Я закрыл глаза и расслабил невидимые мышцы души, удерживавшие меня над воронкой сиреневого коридора. И полетел вниз. Вниз, в полную темноту.
— Так, что такое? Подожди, стой! Доктор! Доктор!! Товарищ Скворцов!!! Сюда! Больному плохо! Мы теряем его!
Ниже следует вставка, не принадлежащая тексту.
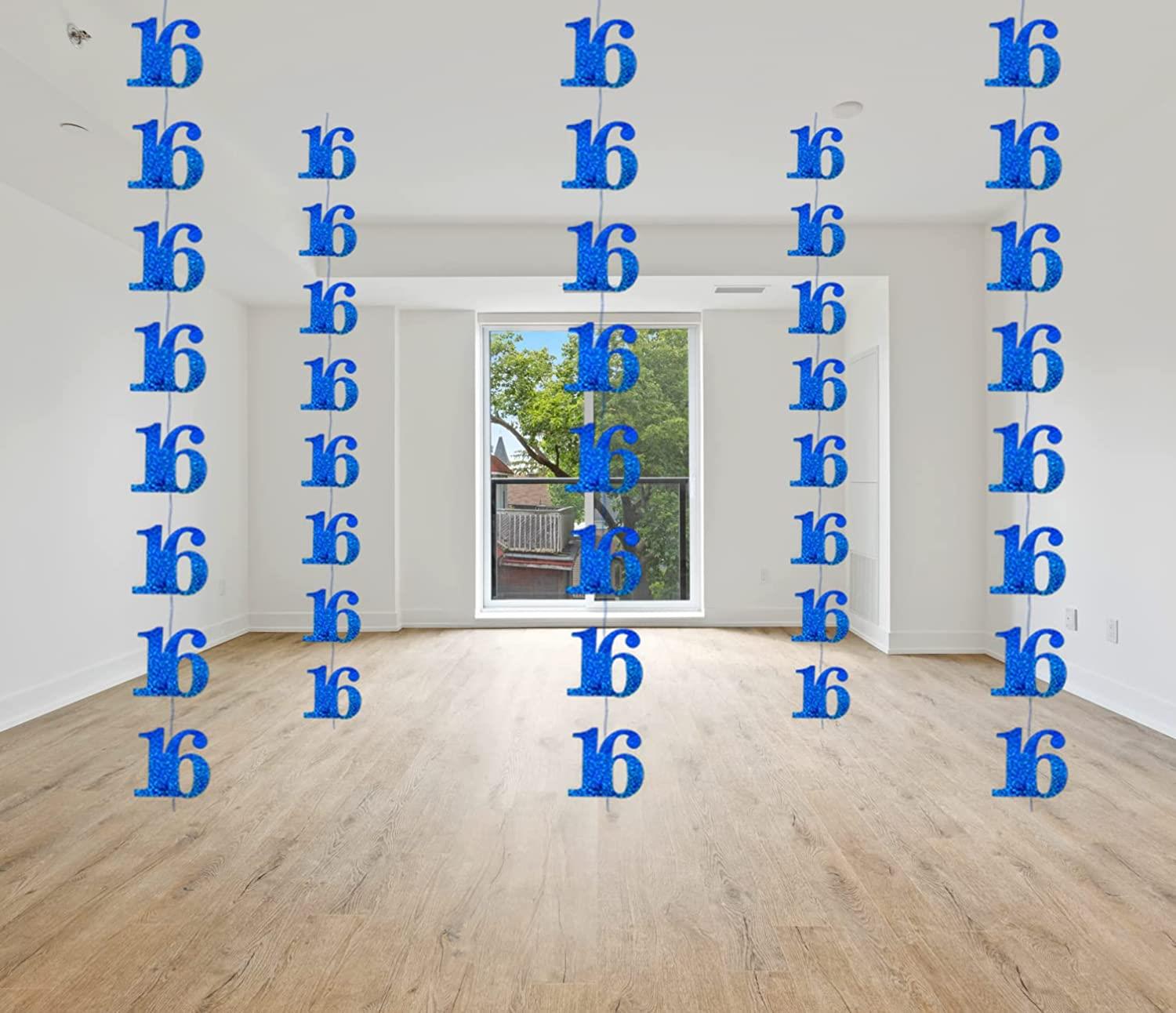 - BLUE Glitz Age 16th Birthday Prismatic Hanging Decoration Surprise your guest with these wonderful and colorful Hanging Decorations Pack Quantity: 6.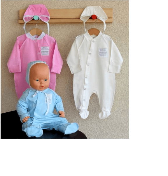 Описание модели: Комплект состоит комбинезона на кнопках (расположены по боковой части комбинезона) и чепчика.

Я уже не слышал — я падал все глубже и глубже, в полную темноту.
«РОСРЫБА»
Крепыш с добрым лицом Лева Курский, по кличке Лещ, пришел в бизнес после армии. Вместе с Мальком и Лобстером они служили во флоте, а все остальное — деньги, бабы и кабаки — появились у них позже. Досталось это непросто — сначала пришлось много работать кулаками, а впоследствии еще больше — головой. Но зато теперь весь рыбный экспорт страны находился в руках трех бывших моряков.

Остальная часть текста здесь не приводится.